La récente histoire du Japon a pu parfois décrire son peuple comme unifié, gommant de nombreuses différences culturelles entre ses habitants. Saviez-vous que les Japonais (en tant que descendants du peuple Yamato) n’étaient pas les premiers habitants du nord de l’archipel ? En réalité, bien avant eux vivaient sur l’île d’Ezo (l’ancien nom d’Hokkaido) les Aïnous.
Ils ont été victimes de discriminations pendant des années, et, certains Japonais ignorent toujours leur existence.
L’histoire de la reconnaissance de la culture aïnoue est très récente puisque ce n’est que depuis 2019 que le gouvernement japonais reconnaît le peuple aïnou comme « peuple autochtone » et seulement depuis 2020 que le Musée national du peuple aïnou a ouvert ses portes.
On vous présente ici quelques aspects de la culture aïnoue mais aussi les lieux du Japon pour en apprendre plus sur elle.

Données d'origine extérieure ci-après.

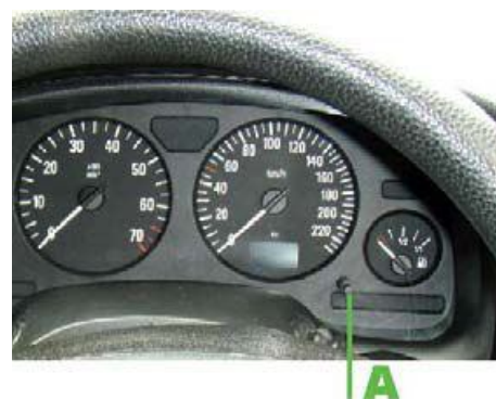
HOLDEN ASTRA TS 2005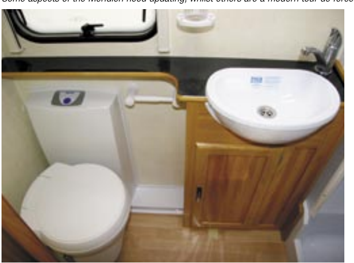
Washroom is basic, decoratively speaking, but it does have a separate shower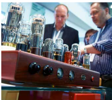
▲ There is a lot to discover in Munich – e.g. exotic tube amps which you can see very rarely.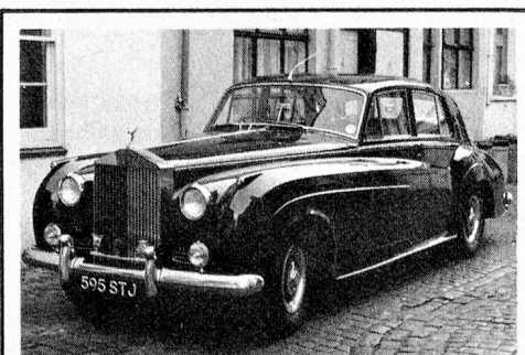
Would you like to own this car and save money on everyday driving costs?

Surprisingly, the ownership of a classic Rolls-Royce or Bentley can save you money, providing your car is serviced and maintained by genuine specialists.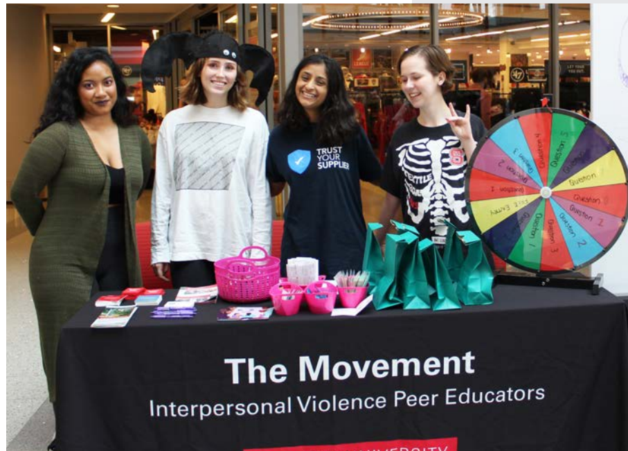
The Movement, Oct. 31, 2019

In fall and spring, the GLBT Center hosted retreats with LGBT-identified student organization leaders in which we discussed campus climate, leadership development opportunities and assistance with student organization logistics, such as identifying an advisor. The two retreats engaged 48 total attendees.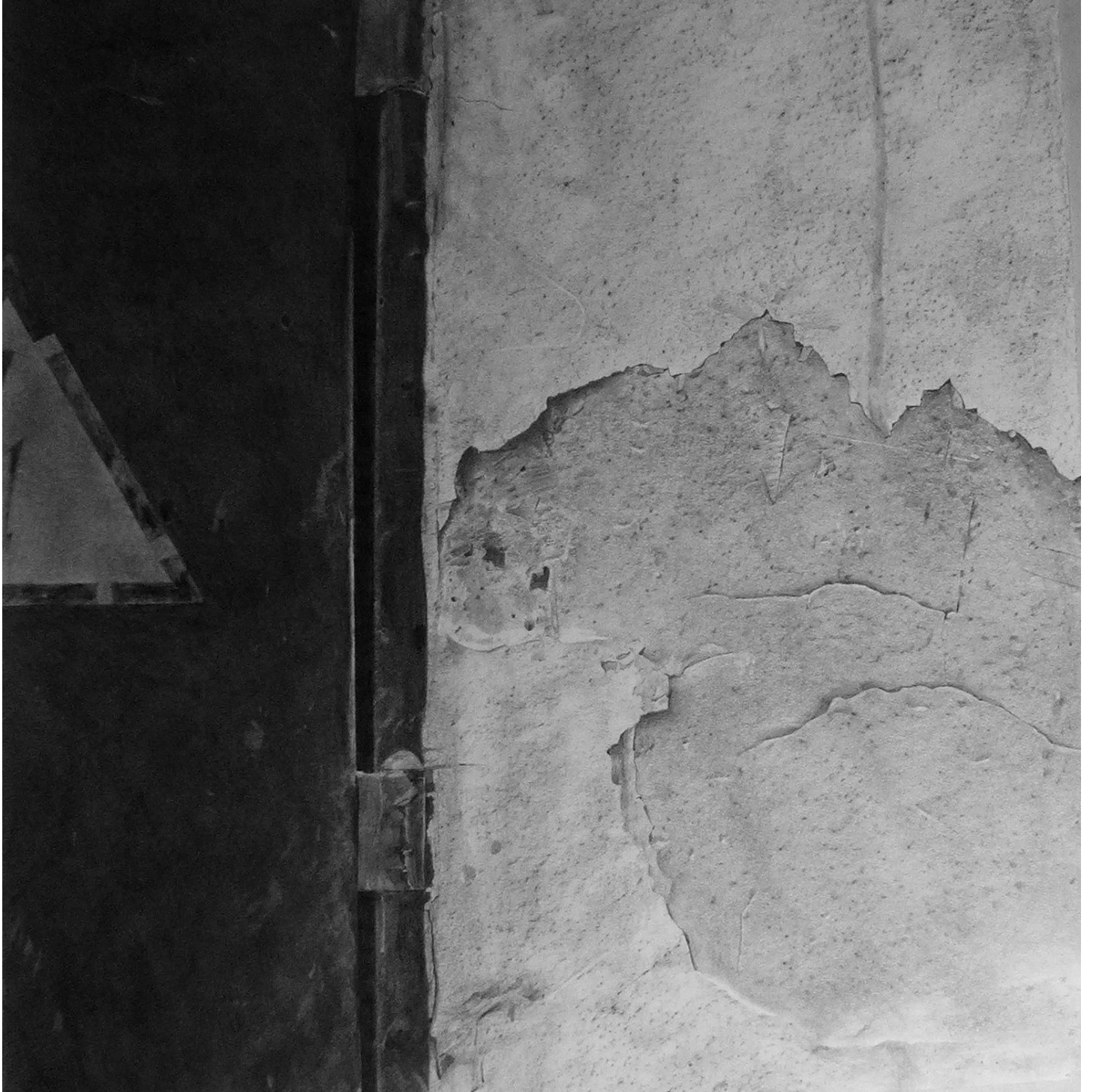
Wall, Pencil on paper, 50 x 50 cm, 2005

L’absence de certitude sur les origines des Aïnous
Les origines des Aïnous sont encore aujourd’hui un sujet de débats entre historiens. Une thèse globalement acceptée est que les premiers Aïnous seraient arrivés sur l’île d’Ezo lorsque le niveau de la mer rendait possible le passage à pied entre la Sibérie et l’île d’Honshu, au nord du Japon actuel. Leur culture serait un mélange de celles de deux peuples : les Okhotsks et les Satsumons, respectivement originaires de l’Extrême-Orient russe et du Nord d’Honshu.
Leurs principales activités étaient la chasse, la pêche, la cueillette mais aussi le commerce, notamment avec les « Wajins », les descendants des « Wa » (les autres habitants de l’archipel). Dès le XIXe siècle, les Aïnous répondent à des commandes et fournissent à leurs partenaires commerciaux vêtements et ustensiles en bois pour équiper leurs habitations, souvent modestes. Les relations entre les Aïnous et les autres populations voisines étaient donc cordiales, commerciales et presque amicales.
Colonisation et politique d’ « harmonisation culturelle »
Néanmoins, la volonté d’expansion territoriale des Wajins conduit à une colonisation progressive par les seigneurs féodaux des terres aïnoues au XVIIIe siècle. Les populations locales deviennent assujetties à du travail forcé. Certains expliquent l’absence de résistance des Aïnous par leur croyance dans le fait que les terres ne sont la propriété de personne.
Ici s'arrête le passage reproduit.